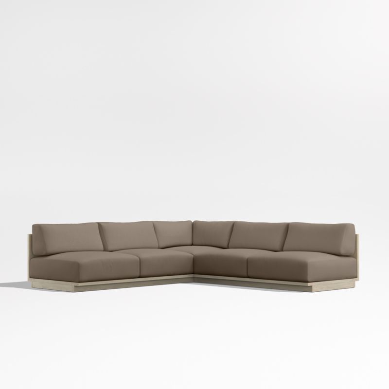 Mallorca Wood 3-Piece L-Shaped Armless Outdoor Sectional Sofa with Cast Shale Brown Sunbrella ® Cushions
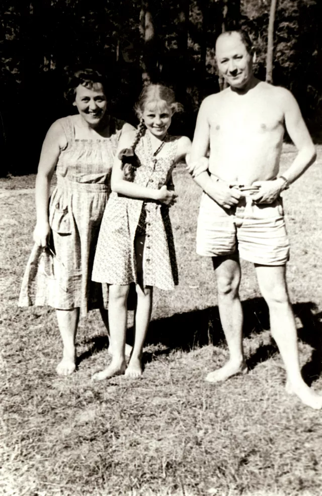 Here you can see me, my husband and Irena Grudzinska, our friend's daughter. We are on holidays. We were neighbors. She was the same age as my son Wlodek, and her brother was the same age as my younger son, Krzysio. They learned French together. Now she's a professor at Boston University.
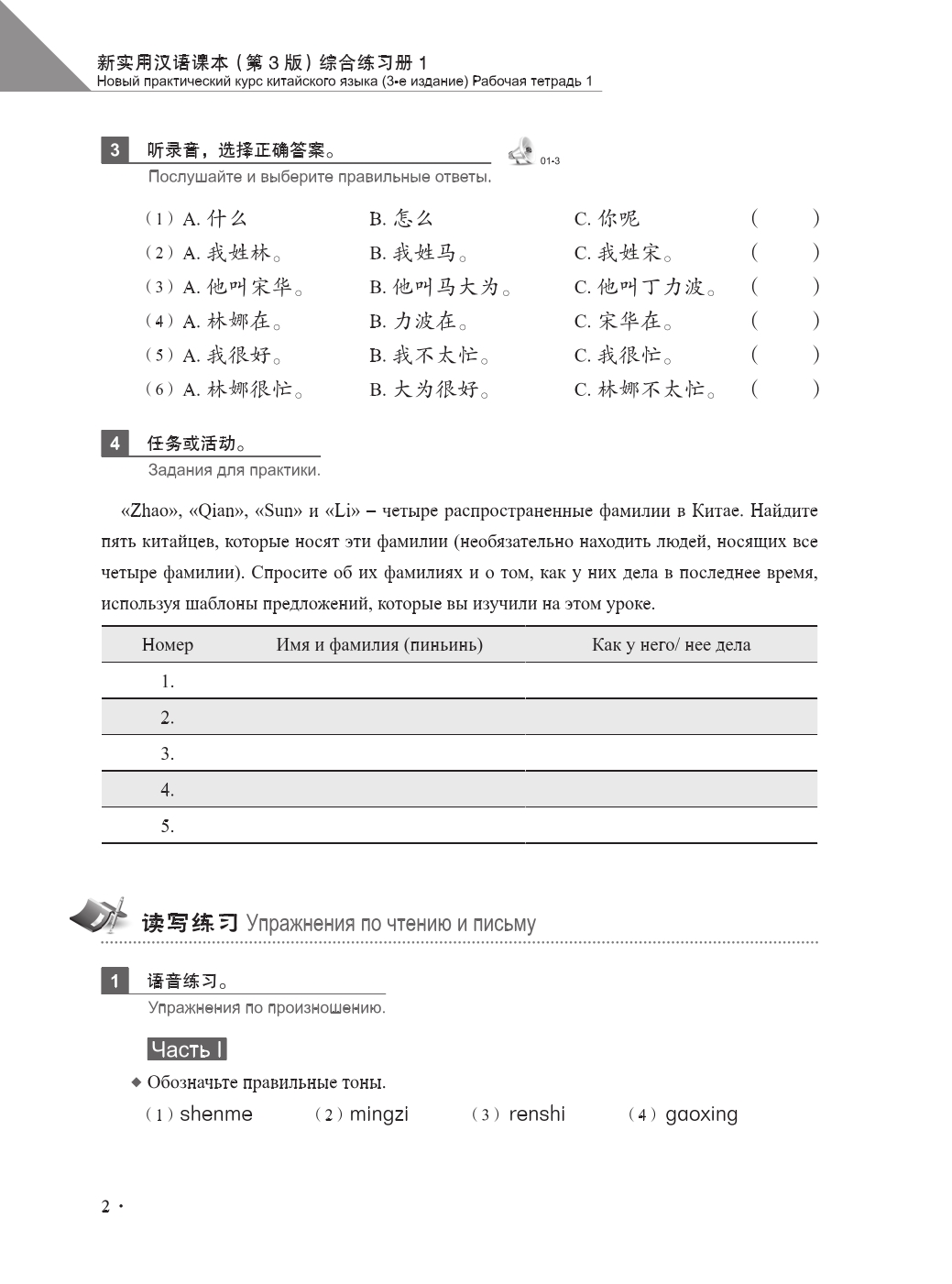 New Practical Chinese Reader (3rd Edition Annotated in Russian) Workbook 1 Learn Hanyu Pinyin Book
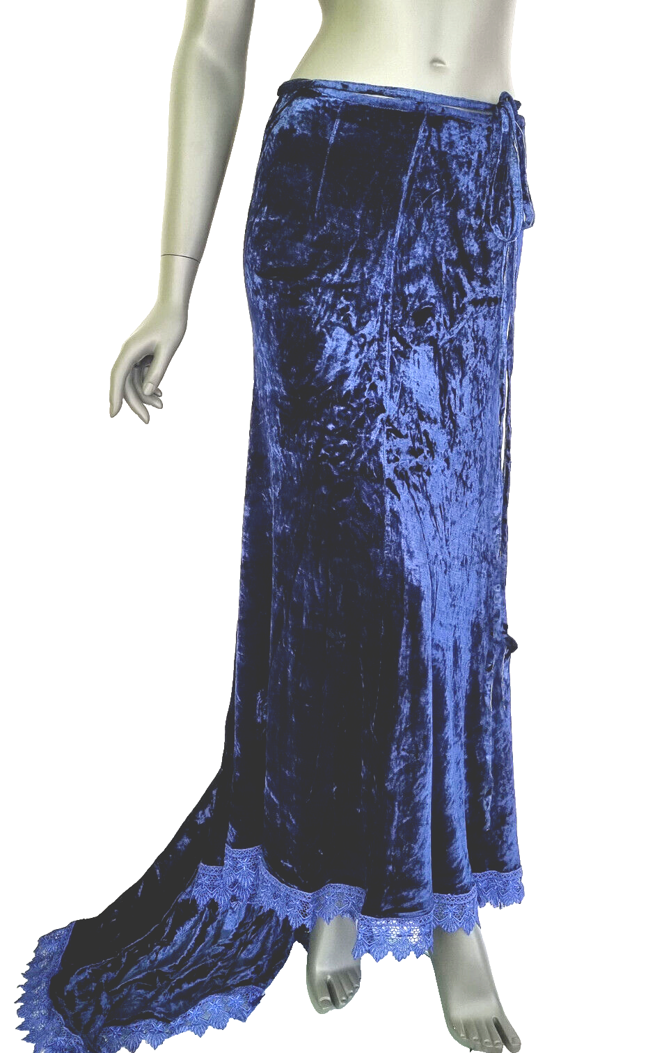 Maxirock Samtrock mit Schleppe in angesagtem Gothic Punk Design. Der Rock in Blau ist ideal für Damen in den Größen 34/36. Der lange Maxirock ist aus samtigem Material gefertigt und verleiht einen edlen Look. Der Reißverschluss sorgt für bequemes An- und Ausziehen. Perfekt für besondere Anlässe oder den Larp-Look.Bindeband individuel als Gürtel oder zum Anbinden der Schleppe. Länge 104 cm. Bundweite 34-38. Viscose, Samt. Handwäsche empfohlen.
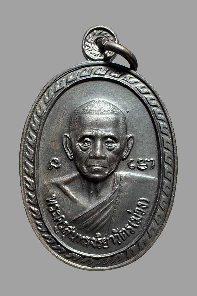 หลวงปู่ม่วง วัดยางงาม จ.ราชบุรี ปี๒๕๔๒ อายุ๘๙ปี เนื้อทองแดงรมดำ |
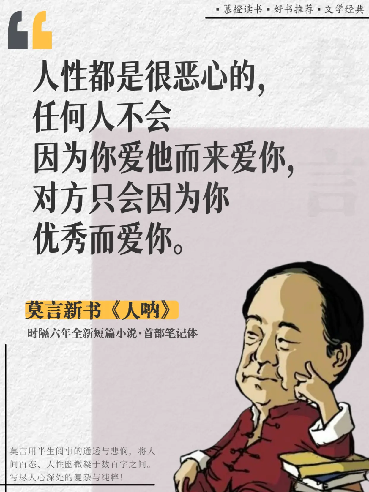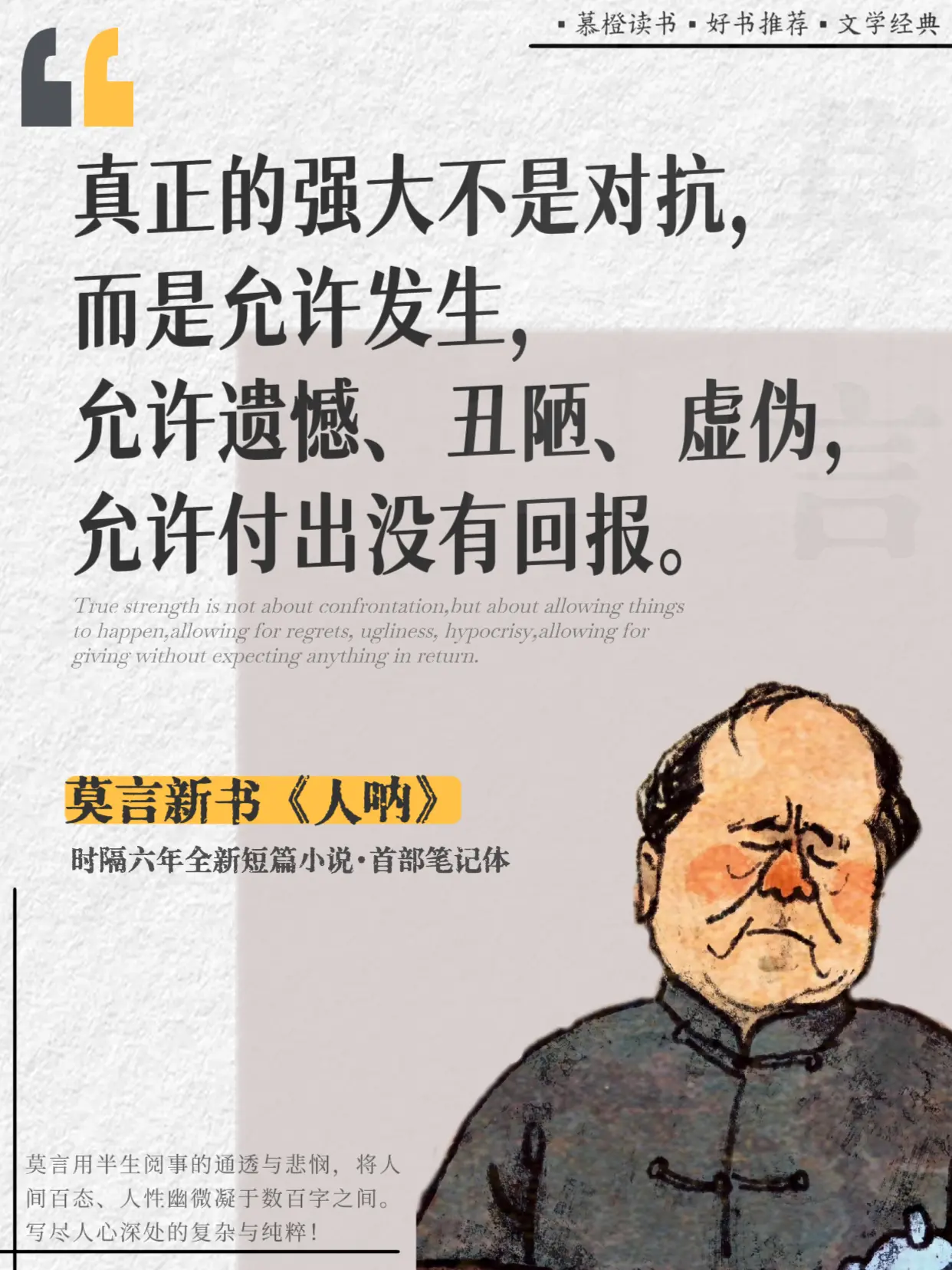 莫言新书,读完整个人都通透了!终于熬夜读完莫言的《人呐》,合上书久久不能平静。写人性,还得是莫言老师!七十多岁了还这么敢写,每一篇都太有后劲!他从人情冷暖、人性善恶、生活百态里,写尽了普通人的委屈与坚强,写透了成年人的心酸与无奈。
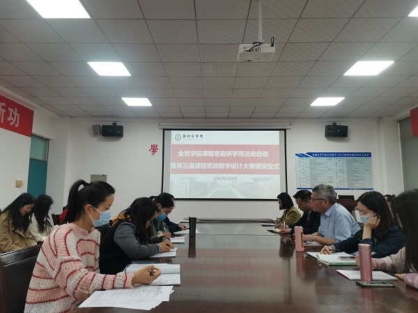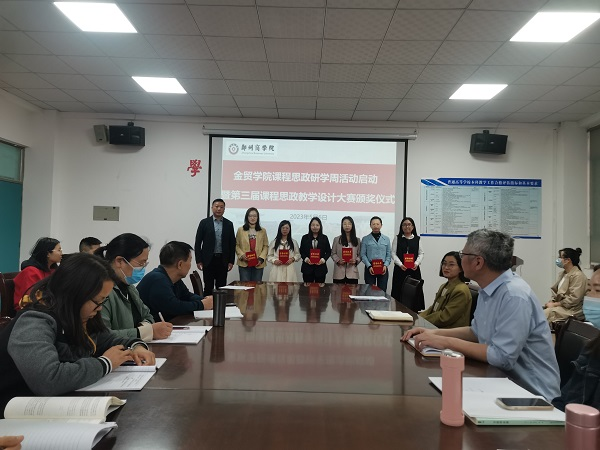 为贯彻落实教育部《高等学校课程思政建设指导纲要》文件精神和beat365关于课程思政建设的相关要求,不断提升我院教师课程思政能力,5月6日,我院于1号教学楼112会议室召开“金贸学院课程思政研学周活动启动暨第三届课程思政教学设计大赛颁奖仪式”。
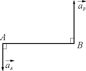 Стержень длиной АВ = 40 см движется в плоскости чертежа. В некоторый момент времени точки А и В стержня имеют ускорения аA = 2 м/с2 и аA = 6 м/с2. Определить угловое ускорение стержня.
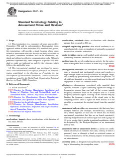 ASTM F747-23 is a standard published by ASTM International. Its full title is "Standard Terminology Relating to Amusement Rides and Devices". This standard covers: SCOPE 1.1 This terminology is a repository of terms approved by Committee F24 and its subcommittees. Reproducing terms approved within all other individual F24 standards and guides, this terminology will provide a single location where terms related to amusement rides and devices are freely accessible to the public, committee members and can be maintained, updated and utilized as effective communication tools. Although published alphabetically, terms unique to a specific F24 standard or guide are indicated as such by the reference which follows the applicable term. 1.2 This international standard was developed in accordance with internationally recognized principles on standardization established in the Decision on Principles for the Development of International Standards, Guides and Recommendations issued by the World Trade Organization Technical Barriers to Trade (TBT) Committee.
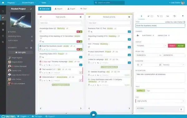 Les utilisateurs apprécient particulièrement la vue d’ensemble que Wimi offre sur les projets. Vous pouvez rapidement avoir un aperçu du statut des tâches, des échéances à venir, et des priorités, le tout sans quitter la plateforme.
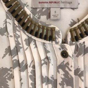 Grayish beige and cream tones, polyester blouse fabric. Metal detailing around collar. Good for first trimester.
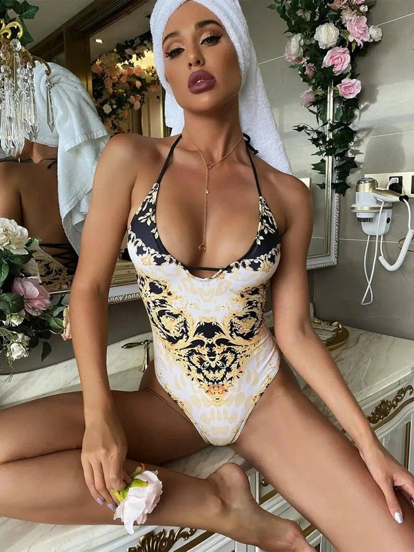 - スタイルビキニシルエットのレトロプリントワンピース水着 デザイン:ヴィンテージ風プリントでクラシックなビーチルックカバー力:フルカバレッジ、フィット感のあるカット。
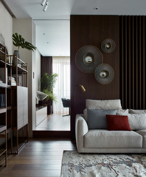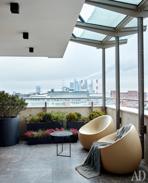 Архитекторы из DWG Interiors оформили пространство московского пентхауса со множеством террас. Интерьер получился лаконичным и “теплым”.
———
» **WHAT YOU HAVE TO DO**
What the task needs is the material above repeated exactly, pictures excepted.

» **TASK RESPONSE**
 Mallorca Wood 3-Piece L-Shaped Armless Outdoor Sectional Sofa with Cast Shale Brown Sunbrella ® Cushions
 Here you can see me, my husband and Irena Grudzinska, our friend's daughter. We are on holidays. We were neighbors. She was the same age as my son Wlodek, and her brother was the same age as my younger son, Krzysio. They learned French together. Now she's a professor at Boston University.
 New Practical Chinese Reader (3rd Edition Annotated in Russian) Workbook 1 Learn Hanyu Pinyin Book
 Maxirock Samtrock mit Schleppe in angesagtem Gothic Punk Design. Der Rock in Blau ist ideal für Damen in den Größen 34/36. Der lange Maxirock ist aus samtigem Material gefertigt und verleiht einen edlen Look. Der Reißverschluss sorgt für bequemes An- und Ausziehen. Perfekt für besondere Anlässe oder den Larp-Look.Bindeband individuel als Gürtel oder zum Anbinden der Schleppe. Länge 104 cm. Bundweite 34-38. Viscose, Samt. Handwäsche empfohlen.
 หลวงปู่ม่วง วัดยางงาม จ.ราชบุรี ปี๒๕๔๒ อายุ๘๙ปี เนื้อทองแดงรมดำ |
 莫言新书,读完整个人都通透了!终于熬夜读完莫言的《人呐》,合上书久久不能平静。写人性,还得是莫言老师!七十多岁了还这么敢写,每一篇都太有后劲!他从人情冷暖、人性善恶、生活百态里,写尽了普通人的委屈与坚强,写透了成年人的心酸与无奈。
 为贯彻落实教育部《高等学校课程思政建设指导纲要》文件精神和beat365关于课程思政建设的相关要求,不断提升我院教师课程思政能力,5月6日,我院于1号教学楼112会议室召开“金贸学院课程思政研学周活动启动暨第三届课程思政教学设计大赛颁奖仪式”。
 Стержень длиной АВ = 40 см движется в плоскости чертежа. В некоторый момент времени точки А и В стержня имеют ускорения аA = 2 м/с2 и аA = 6 м/с2. Определить угловое ускорение стержня.
 ASTM F747-23 is a standard published by ASTM International. Its full title is "Standard Terminology Relating to Amusement Rides and Devices". This standard covers: SCOPE 1.1 This terminology is a repository of terms approved by Committee F24 and its subcommittees. Reproducing terms approved within all other individual F24 standards and guides, this terminology will provide a single location where terms related to amusement rides and devices are freely accessible to the public, committee members and can be maintained, updated and utilized as effective communication tools. Although published alphabetically, terms unique to a specific F24 standard or guide are indicated as such by the reference which follows the applicable term. 1.2 This international standard was developed in accordance with internationally recognized principles on standardization established in the Decision on Principles for the Development of International Standards, Guides and Recommendations issued by the World Trade Organization Technical Barriers to Trade (TBT) Committee.
 Les utilisateurs apprécient particulièrement la vue d’ensemble que Wimi offre sur les projets. Vous pouvez rapidement avoir un aperçu du statut des tâches, des échéances à venir, et des priorités, le tout sans quitter la plateforme.
 Grayish beige and cream tones, polyester blouse fabric. Metal detailing around collar. Good for first trimester.
 - スタイルビキニシルエットのレトロプリントワンピース水着 デザイン:ヴィンテージ風プリントでクラシックなビーチルックカバー力:フルカバレッジ、フィット感のあるカット。
 Архитекторы из DWG Interiors оформили пространство московского пентхауса со множеством террас. Интерьер получился лаконичным и “теплым”.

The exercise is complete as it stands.